$ax^2+2bx+c=0$ and $px^2+2qx+r=0$ has a common root. If terms $\frac ap, \frac bq, \frac cr$ lie on consecutive arithmetic series, Prove that terms p, q, r lie on consecutive geometric series.
My Try
Since they have a common root I derived the expression,
$$\frac{rb-cq}{qa-bp}=\frac{(ra-cp)^2}{4(bp-qa)^2}$$
How can I continue? any hint is appreciated.
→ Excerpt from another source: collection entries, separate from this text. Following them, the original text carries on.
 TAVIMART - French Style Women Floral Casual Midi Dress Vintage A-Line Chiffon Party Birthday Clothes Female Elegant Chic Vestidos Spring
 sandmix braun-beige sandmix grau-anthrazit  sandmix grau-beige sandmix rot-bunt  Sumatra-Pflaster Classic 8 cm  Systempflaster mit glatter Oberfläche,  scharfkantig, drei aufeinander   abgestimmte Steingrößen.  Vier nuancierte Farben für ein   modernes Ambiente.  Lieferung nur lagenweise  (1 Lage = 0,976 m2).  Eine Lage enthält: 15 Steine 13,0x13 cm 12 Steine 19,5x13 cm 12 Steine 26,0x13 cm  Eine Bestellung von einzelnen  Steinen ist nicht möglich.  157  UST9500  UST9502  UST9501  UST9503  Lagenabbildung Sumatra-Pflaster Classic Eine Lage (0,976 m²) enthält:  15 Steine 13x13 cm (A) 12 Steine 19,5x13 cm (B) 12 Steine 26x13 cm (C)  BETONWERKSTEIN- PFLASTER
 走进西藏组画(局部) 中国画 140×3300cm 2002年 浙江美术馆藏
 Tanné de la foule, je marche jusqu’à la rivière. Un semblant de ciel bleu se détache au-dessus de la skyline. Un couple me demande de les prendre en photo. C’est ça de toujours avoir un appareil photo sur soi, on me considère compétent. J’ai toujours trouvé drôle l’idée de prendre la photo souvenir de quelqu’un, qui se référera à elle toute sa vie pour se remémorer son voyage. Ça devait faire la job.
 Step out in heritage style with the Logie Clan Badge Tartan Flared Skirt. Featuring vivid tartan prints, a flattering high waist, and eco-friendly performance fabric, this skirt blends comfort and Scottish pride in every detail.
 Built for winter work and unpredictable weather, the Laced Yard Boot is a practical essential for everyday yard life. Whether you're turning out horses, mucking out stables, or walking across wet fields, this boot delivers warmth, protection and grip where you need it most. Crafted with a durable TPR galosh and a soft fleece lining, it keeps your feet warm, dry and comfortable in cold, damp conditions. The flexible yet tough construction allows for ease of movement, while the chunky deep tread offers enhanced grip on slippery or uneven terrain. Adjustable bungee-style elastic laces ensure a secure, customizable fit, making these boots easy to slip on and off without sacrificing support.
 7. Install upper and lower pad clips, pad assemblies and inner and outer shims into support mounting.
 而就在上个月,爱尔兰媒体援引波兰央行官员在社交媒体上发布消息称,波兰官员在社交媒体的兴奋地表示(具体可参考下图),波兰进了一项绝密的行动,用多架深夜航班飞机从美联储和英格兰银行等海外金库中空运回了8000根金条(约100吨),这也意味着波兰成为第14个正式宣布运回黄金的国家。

Thank you!
Since the two polynomial have a common root, we can write $ax^2+2bx+c=a(x-\alpha)(x-\beta)=0$ and $px^2+2qx+r=p(x-\alpha)(x-\gamma)=0$. In the following, thanks to the hypotesis of arithmetic progression we will suppose $p,q,r,\gamma,\alpha\neq 0$. Also $a\neq 0$ to have a polynomial of degree $2$.
Thanks to the hypotesis we have the following informations (the first four equations are the Vieta's formula, and the last one is the arithmetic progression): \begin{equation} \begin{cases} \alpha\beta = \frac{c}{a}\\ \alpha+\beta = -\frac{2b}{a}\\ \alpha\gamma = \frac{r}{p}\\ \alpha + \gamma = -\frac{2q}{p}\\ \frac{b}{q}-\frac{a}{p} = \frac{c}{r} - \frac{b}{q} \end{cases} \quad\longrightarrow \quad \begin{cases} c = a\alpha\beta\\ b = -\frac{a(\alpha+\beta)}{2}\\ r = p\alpha \gamma\\ q= - \frac{p(\alpha+\gamma)}{2}\\ \frac{a(\alpha+\beta)}{p(\alpha+\gamma)}- \frac{a}{p} = \frac{a\beta}{p\gamma}- \frac{a(\alpha+\beta)}{p(\alpha+\gamma)} \end{cases} \end{equation}
Now continue to compute the last equation: we can simplify the factor $\frac{a}{p}$ and: \begin{gather} \frac{\alpha+\beta}{\alpha+\gamma} - 1 = \frac{\beta}{\gamma} - \frac{\alpha+\beta}{\alpha+\gamma}\\ \frac{\gamma(\alpha+\beta)-\gamma(\alpha+\gamma)}{\gamma(\alpha+\gamma)} = \frac{\beta(\alpha+\gamma)-\gamma(\alpha+\beta)}{\gamma(\alpha+\gamma)}\\ \alpha\gamma+\beta\gamma-\alpha\gamma-\gamma^2 = \alpha\beta+\beta\gamma-\alpha\gamma-\beta\gamma\\ \gamma^2-\alpha\gamma-\beta\gamma+\alpha\beta =0\\ (\gamma-\alpha)(\gamma-\beta)=0 \end{gather} So we have only two possible cases: $\gamma=\alpha$ or $\gamma=\beta$.
Now $p,q,r$ are in geometric series if and only if $$ \frac{p}{q}=\frac{q}{r} \ \Longleftrightarrow \ q^2 = pr $$ and sobstituting $r$ and $q$ (as they appear in the system above) we obtain: \begin{gather} q^2 = pr\\ p^2\frac{(\alpha+\gamma)^2}{4} = p^2\alpha\gamma\\ (\alpha+\gamma)^2 = 4\alpha\gamma\\ (\gamma-\alpha)^2 = 0 \end{gather} So if we require that the two starting polynomial have exactly one root in common (or $\alpha=\gamma=\beta$), we have the statement because the condition of arithmetic progression forces to $\gamma=\alpha$.
If not, it's possible that $\gamma=\beta$ and in this case $p,q,r$ are not in geometric progression (in general). Take for example $\beta=\gamma=1$, $\alpha=2$, $a=p=1$.